Men don’t know that women without…See more

Moe Sorrentino, 61, minor league baseball scout based out of southern Illinois, has spent the last 8 years structuring his days around highway drives, scouting reports, and frozen dinners eaten alone at his lake cabin. His worst flaw is that he’s spent so long avoiding any kind of casual connection that he’s forgotten how to hold a conversation that doesn’t revolve around pitch velocity or batting averages.

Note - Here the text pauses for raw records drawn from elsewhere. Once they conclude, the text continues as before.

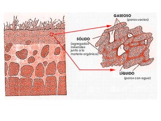 El documento describe la importancia del suelo y sus funciones. El suelo es un material que cubre la superficie terrestre y ha adquirido propiedades a través de la interacción de sus componentes inorgánicos, orgánicos, espacios vacíos y organismos vivos. El suelo cumple funciones esenciales como soporte físico y almacenamiento de nutrientes y agua para las plantas, así como hábitat para organismos. El suelo es un recurso no renovable y esencial para el crecimiento de las plantas y la
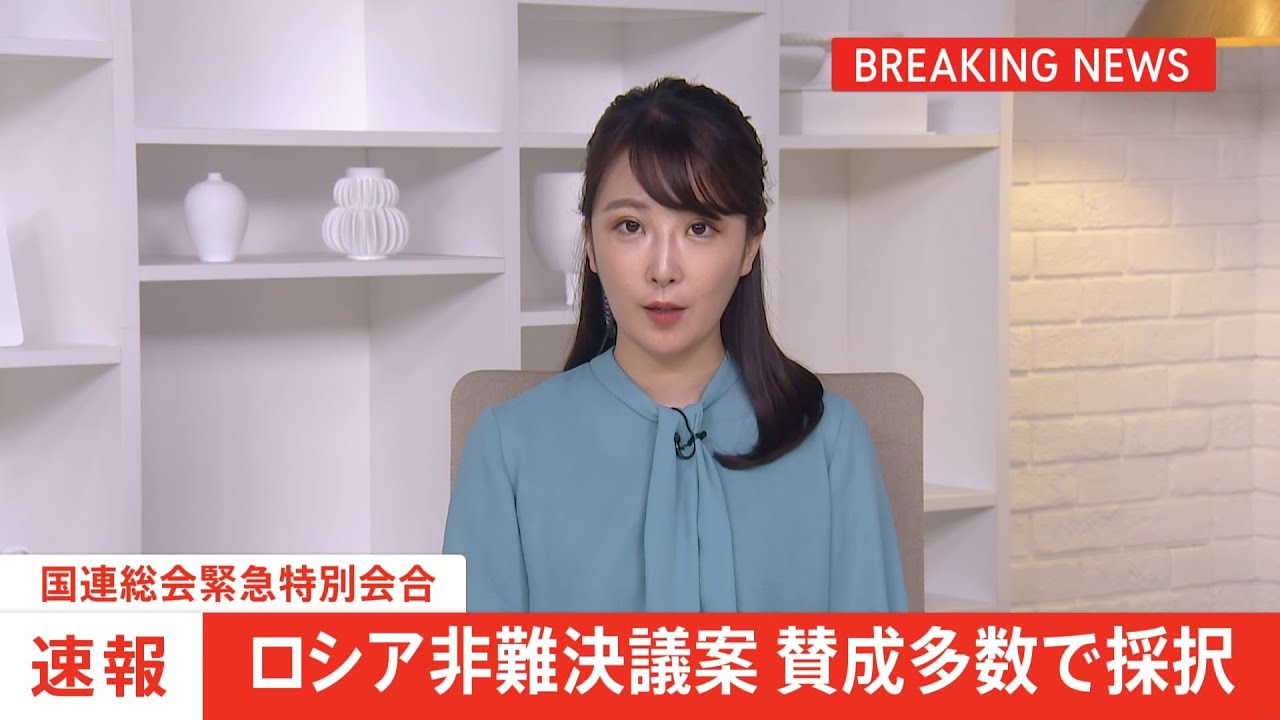 Share Facebook Twitter Pinterest LinkedIn ロシアのウクライナ侵攻を受け開かれた国連総会の緊急特別会合で、ロシアを非難し、ウクライナからの即時撤退を求める決議案が賛成多数で採択されました。 法的拘束力はないものの、国際社会のロシアに対する非難の意志表示となります。 (03日02:07) japanNEWSTBSTBSNEWSニュースロシア報道日本最新ニュース
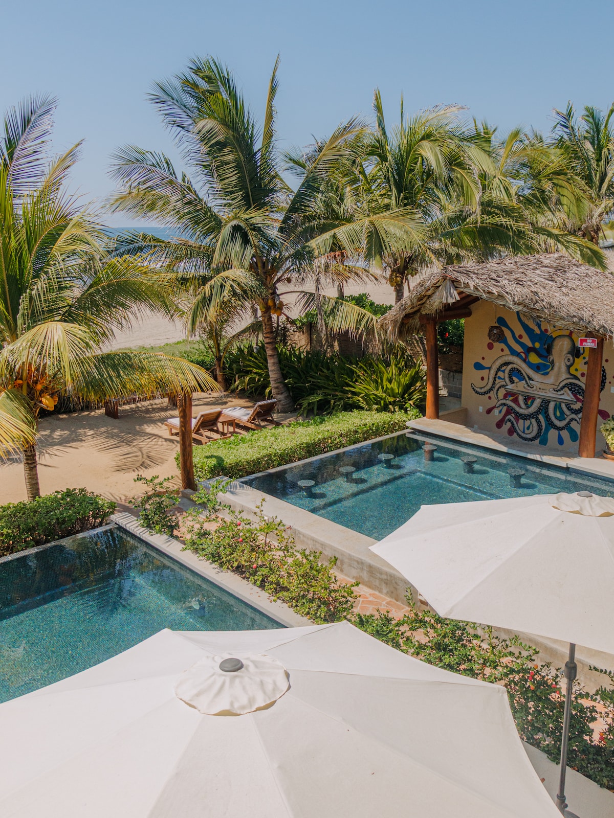 Casa Hermoso Cariño: Mercer Bungalow Ask about the adjoining Madrona Bungalow! These charming, high-end beachfront bungalows are in the heart of Troncones—just steps from shops, restaurants, and bars. This 8-plex offers essential amenities to make any traveler feel at home in paradise. Inquire about renting the entire property—accommodates up to 26 guests! The 8 bungalows at Hermoso Cariño offer the perfect stay to experience the vibrant energy of Troncones.
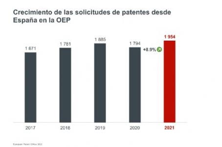 Las solicitudes de patente de España en la Oficina Europea de Patentes (OEP) crecieron un 8,9% en 2021, la tasa de crecimiento más alta de los últimos diez años, tras descender un 4,8% en el año anterior, según el Índice de Patentes de la OEP 2021, publicado este martes.
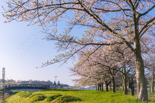 Obraz premium 宮城平筒沼早朝の満開の桜並木と歩道橋
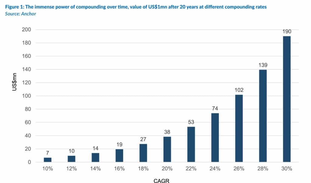 The power of compounding is immense. The difference between two companies growing at 12% and 16% in any given year may not seem significant. However, that relatively small gap compounded over 20 years can lead to significantly different valuation outcomes.
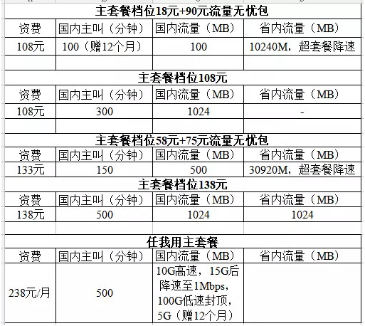 中国移动推出的主套餐是档次跨度非常大的4G飞享套餐,最新推出的不限流量套餐(如下图),用户可自行选购办理主套餐加流量套餐,而从这类套餐内容来看是经过精心设计的,既可提高低档用户档位,又不会使高档用户降费,进一步巩固ARPU值。

He’s at the small town annual summer beer and wine festival only because his boss forced him to take a weekend off, no scouting allowed, so he’s wandering the rows of booths with his hands in the pockets of his faded work jeans, sun warm on the back of his neck under his frayed 2011 World Series cap.

He stops at the last booth on the row, the one selling small-batch mead, because the sign has a cartoon bee holding a baseball bat, and before he can read the fine print the woman behind the counter laughs, loud and bright, and says his name like she’s been waiting to see him for years. It’s Lila Marlow, Ellen’s younger cousin, the one who moved to Oregon to keep bees right after Ellen and Moe got married, who he hasn’t seen in person since Ellen’s funeral. She’s 56 now, hair cut short in curly honey-blonde waves, sunspots across her nose, a faded flannel tied around her waist over a white tank top, and when she leans across the counter to pass him a sample cup, their fingers brush. He feels the rough callus on her thumb from handling hive frames, sees faint yellow pollen dust under the edges of her clear nail polish, and for a second he forgets how to breathe.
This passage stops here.